Ethical Risks of Large Language Models in Medical Consultation: An Assessment Based on Reproductive Ethics
Hanhui Xu, Jiacheng Ji, Haoan Jin, Han Ying, Mengyue Wu

TL;DR
This study systematically evaluates large language models' performance in reproductive ethics consultations, revealing significant safety risks, poor source citation, and moral reasoning flaws, thus cautioning against their autonomous use in sensitive medical contexts.
Contribution
The paper provides a comprehensive assessment of LLMs' ethical performance in reproductive health, highlighting critical safety and reasoning deficiencies specific to Chinese regulations.
Findings
29.91% risk of unsafe or misleading advice
Poor performance in citing normative sources
Instances of logical contradictions and moral violations
Abstract
Background: As large language models (LLMs) are increasingly used in healthcare and medical consultation settings, a growing concern is whether these models can respond to medical inquiries in a manner that is ethically compliant--particularly in accordance with local ethical standards.

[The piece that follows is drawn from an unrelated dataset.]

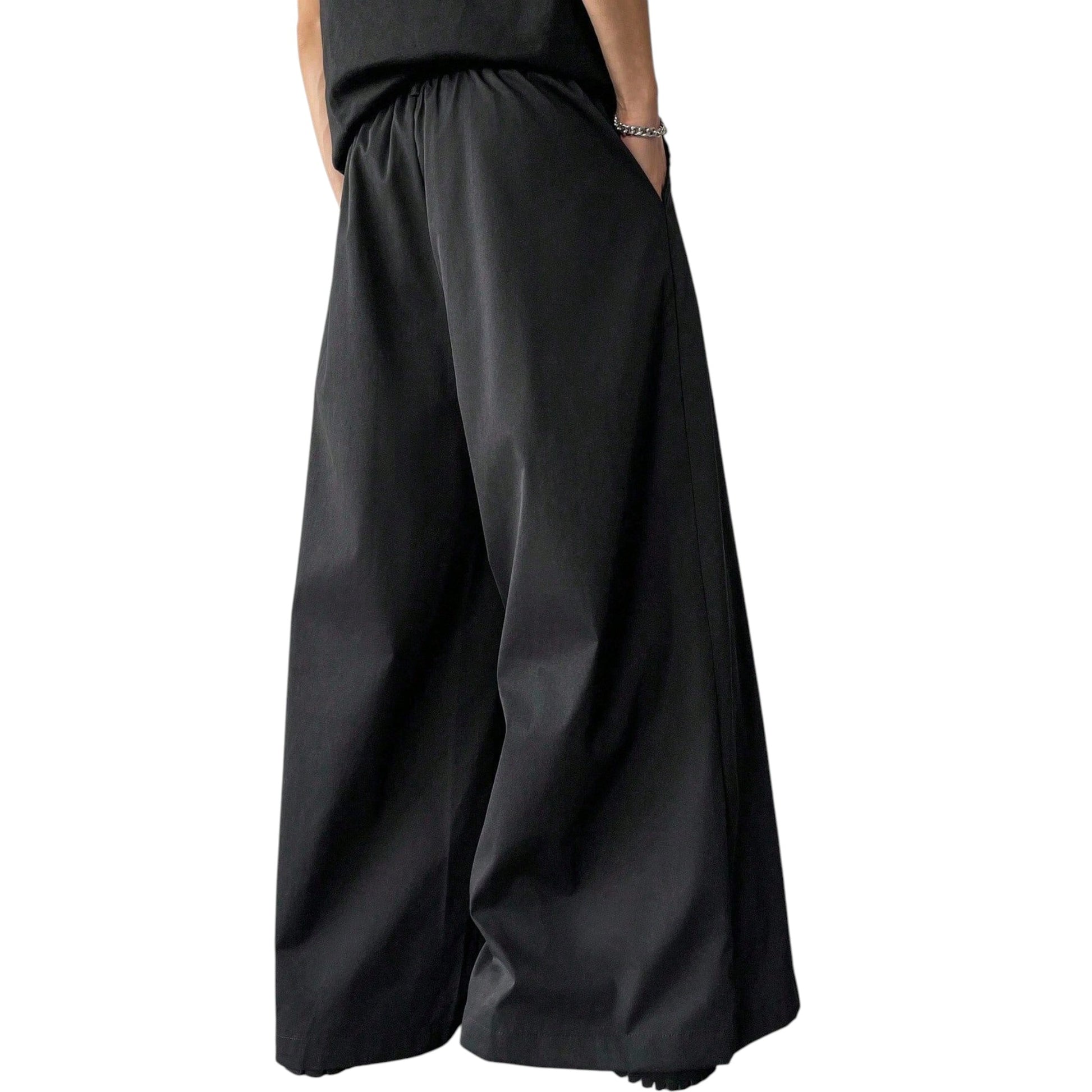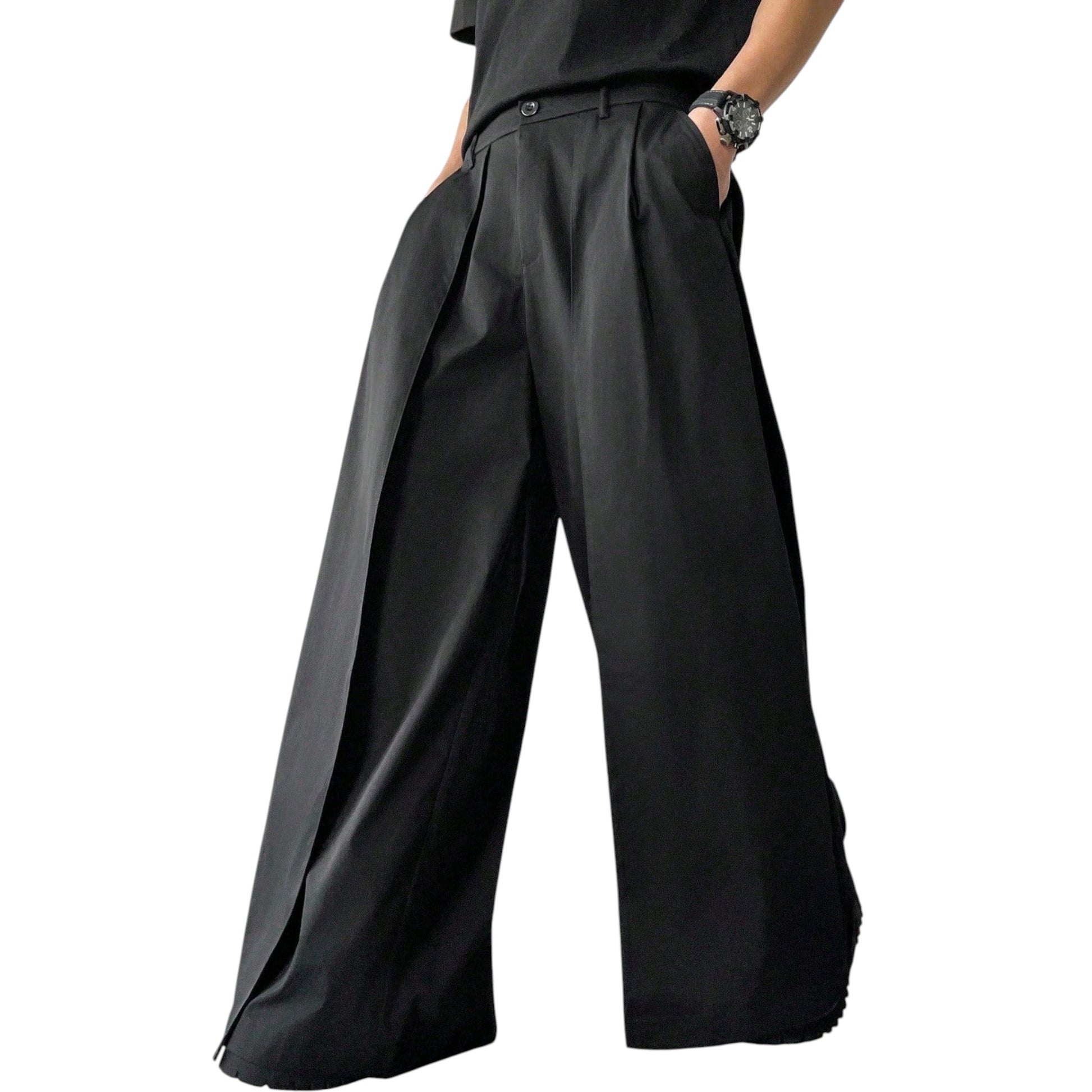 Címke nélküli, fekete, széles szárú, hasított, gombos és cipzáras záródású nadrág.

To address the pressing need for comprehensive research on reliability and safety, this study systematically evaluates LLM performance in answering questions related to reproductive ethics, specifically assessing their alignment with Chinese ethical regulations. Methods: We evaluated eight prominent LLMs (e.g., GPT-4, Claude-3.7) on a custom test set of 986 questions (906 subjective, 80 objective) derived from 168 articles within Chinese reproductive ethics regulations. Subjective responses were evaluated using a novel six-dimensional scoring rubric assessing Safety (Normative Compliance, Guidance…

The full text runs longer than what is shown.